OFF System is also one interesting approach to this problem: https://en.wikipedia.org/wiki/OFFSystem
These are more or less "funny" work-a-rounds to the actual problem.
This is only reasonable method when ever you can assume that every plaintext is unique, which also makes point of deduplicationg data absolutely pointess.
Example: Alice and Bob both upload the same file to Mega. Alice is raided by the MAFIAA. They get a court order telling Mega to list all users having a copy of that file. Can Mega comply? Or does not even Mega know that Bob has the same file too?
Related question: Is there any way for Bob to share his uploaded file with friends?
The idea is simple: if you have data, then you can generate the key from data itself to encrypt and decrypt than data. Then you use hash of encrypted data to look up if server (or just other side) has the same data. If hash exists, no need to send to server - just tell server to bump references. If hash does not exists, just upload data. The key derived from data needs to be stored locally - if you lose it, you will lose data too.
key = f(data);
Which is to say that every file has a globally 1-to-1 mapping to its encrypted version.

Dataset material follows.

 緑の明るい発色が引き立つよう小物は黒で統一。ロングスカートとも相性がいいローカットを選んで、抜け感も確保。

I'm not sure how they are storing the (User, [(Filename,Key)]) data, but this is ideally encrypted on a per user basis, making any sort of per-user lookup attacks moot.
Encrypted data is indistinguishable from random data, so it is incompressible. The chances of finding anything significant to deduplicate are so low that it's not worth trying.

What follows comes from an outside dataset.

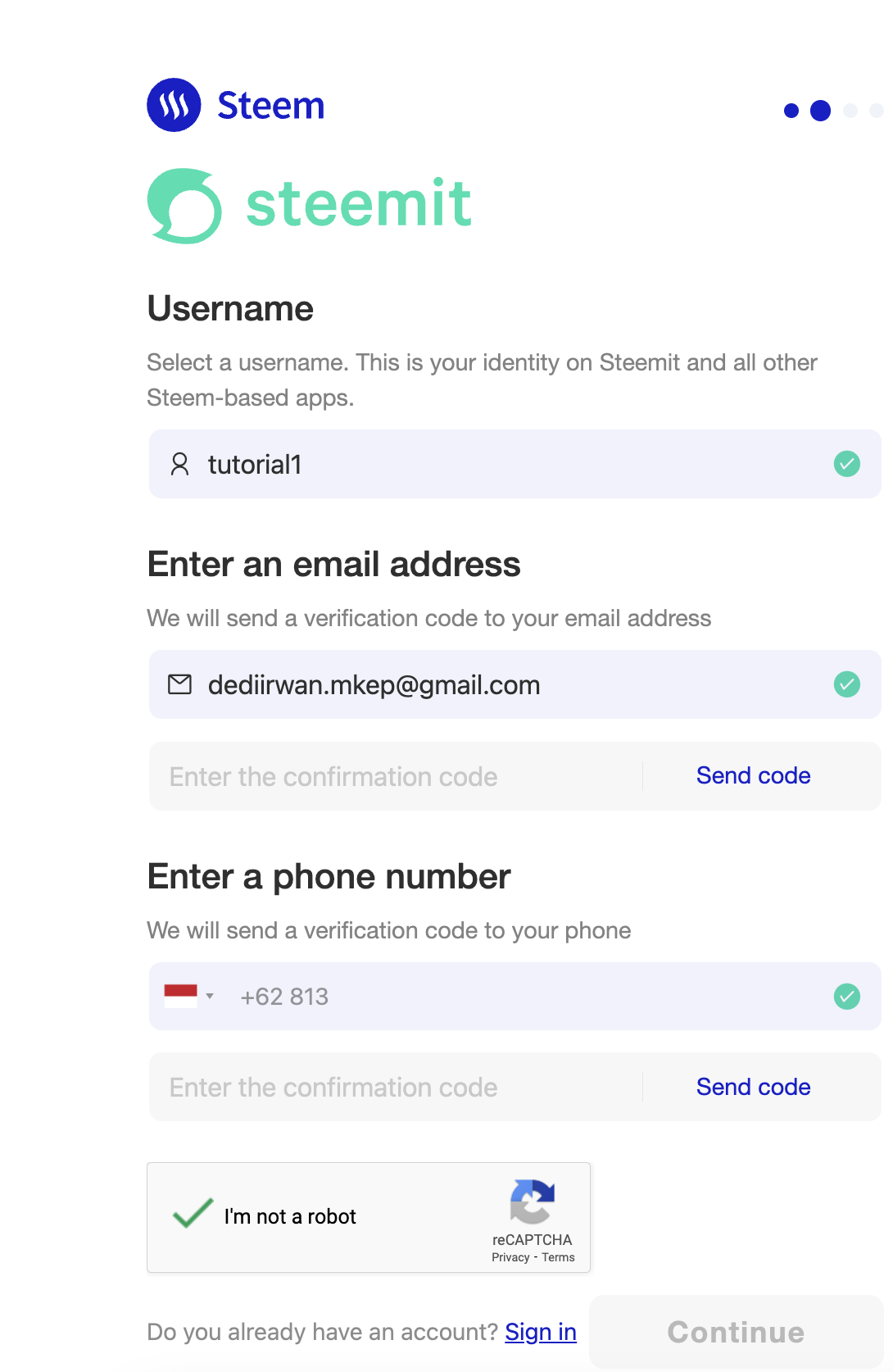 Next, enter an active cell phone number, after getting the green sent code check mark, immediately enter the code that has been sent to your cell phone number and check I'm not a robot, press continue once everything is finished.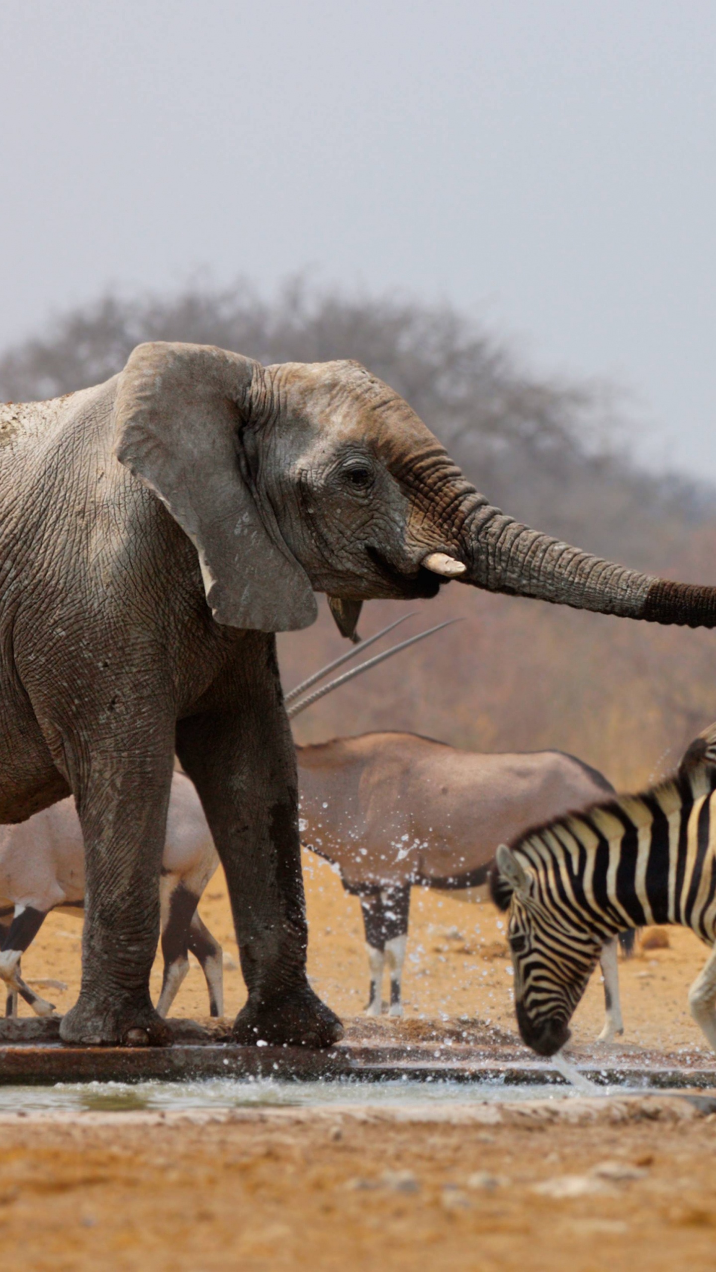 Обои природный заповедник, сафари-парк, стадо, бивень, жилье для Google Pixel XL, Meizu Pro 7, Nokia 8, HTC U, Huawei P10 Quad HD, заставка, 1440x2560 картинка

For that reason, when ever I'm sharing anything I usually encrypt files with my recipients public keys before sending those out. Just to make sure that data is really private and keys are known only to my selected peers. In some cases when I want to make stuff even more private, I encrypt data separately with each recipients public key, so you can't even see list of public key ID's which are required to decrypt the data.

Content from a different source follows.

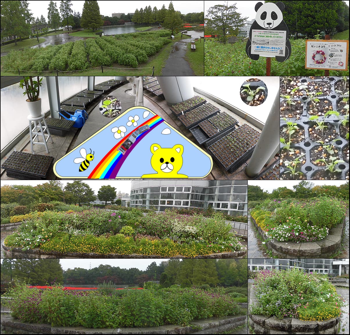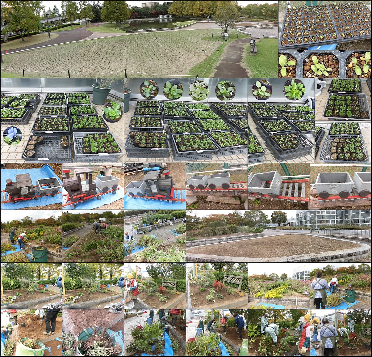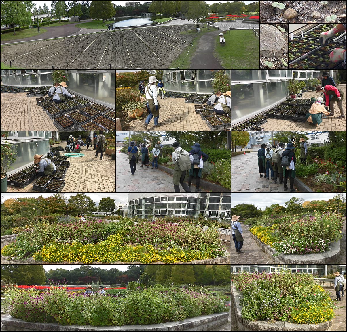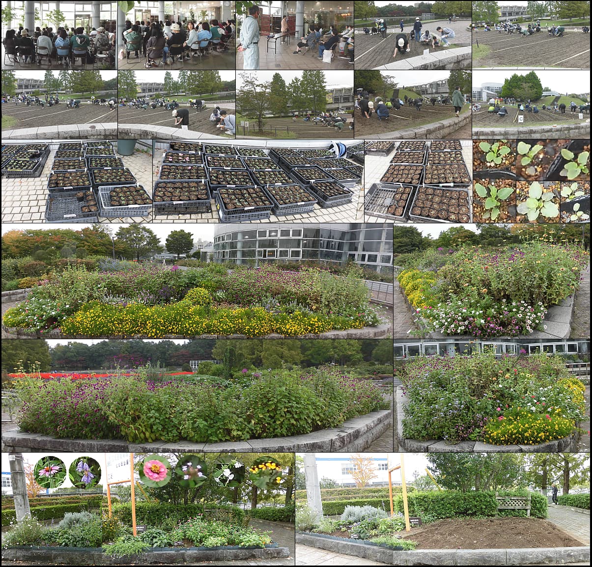 50人余りの参加者とネモフィラの種蒔き。入口花壇整備のため植栽引抜き。雨模様でも頑張る冬苗、御日様が欲しいです。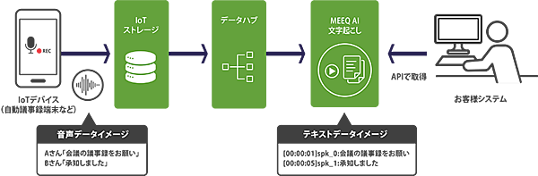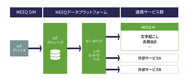 IoT機器から同社のノーコードIoT・DXプラットフォーム「MEEQ」の閉域ネットワークを経由してIoTストレージに音声ファイルを送信すると、AI機能がテキスト化したデータを得られる。MEEQは、直感的なコンソール画面で簡単にIoT向け通信サービスの購入・決済・登録・管理が可能なシステム。IoT回線が容易に追加できる仕組み「MEEQ SIM」を利用する。

I also have 'secure work station' which is hardened and not connected to internet. That's the workstation I use to decrypt, handle and encrypt data. Only encrypted and signed data is allowed to come and go to that workstation.
Not sure I understand this, how can you deduplicate if every file is encrypted via a random key?
Then, on the user side, they store an per-user encrypted index (random, counter, MAC) to those individual chunks to represent the file.
That way, they can only see giant encrypted blocks of data, and per-user encrypted indexes to data. But it is all encrypted.
They would need to hack into accounts by keylogging passwords to decrypt the indexes and see what files users can actually access.
Public links could be shared by giving out a key in the URL that is a file containing indexes to other blocks. So whoever knows the URL, knows the index, and can get the data.
That is the way I'd design it, at least... :)
They never get to see your key or what is in the file.
Of course this will only give you the key to that one particular file, not any other files that you do not have yourself.
Assuming that it works this way, it would allow Mega to figure out if you own a known "bad" file. Just take something like "New_Jay-Z_Album.zip," hash it, and try the hash against your encrypted files. It seems like Kim is trying to avoid this problem.
"File integrity is verified using chunked CBC-MAC. Chunk sizes start at 128 KB and increase to 1 MB, which is a reasonable balance between space required to store the chunk MACs and the average overhead for integrity-checking partial reads."
Also, if you believe Microsoft Outlook, there's something called "compressible encryption", which implies there are encryption schemes that aren't exactly random, meaning in turn that not all N-bit blocks are equally likely.
not to mention metadata associated with such a small block would be probably more than the size of the block itself.
However given a file Mega would be able to tell whether they stored that file, eliminating the plausible deniability they're aiming for.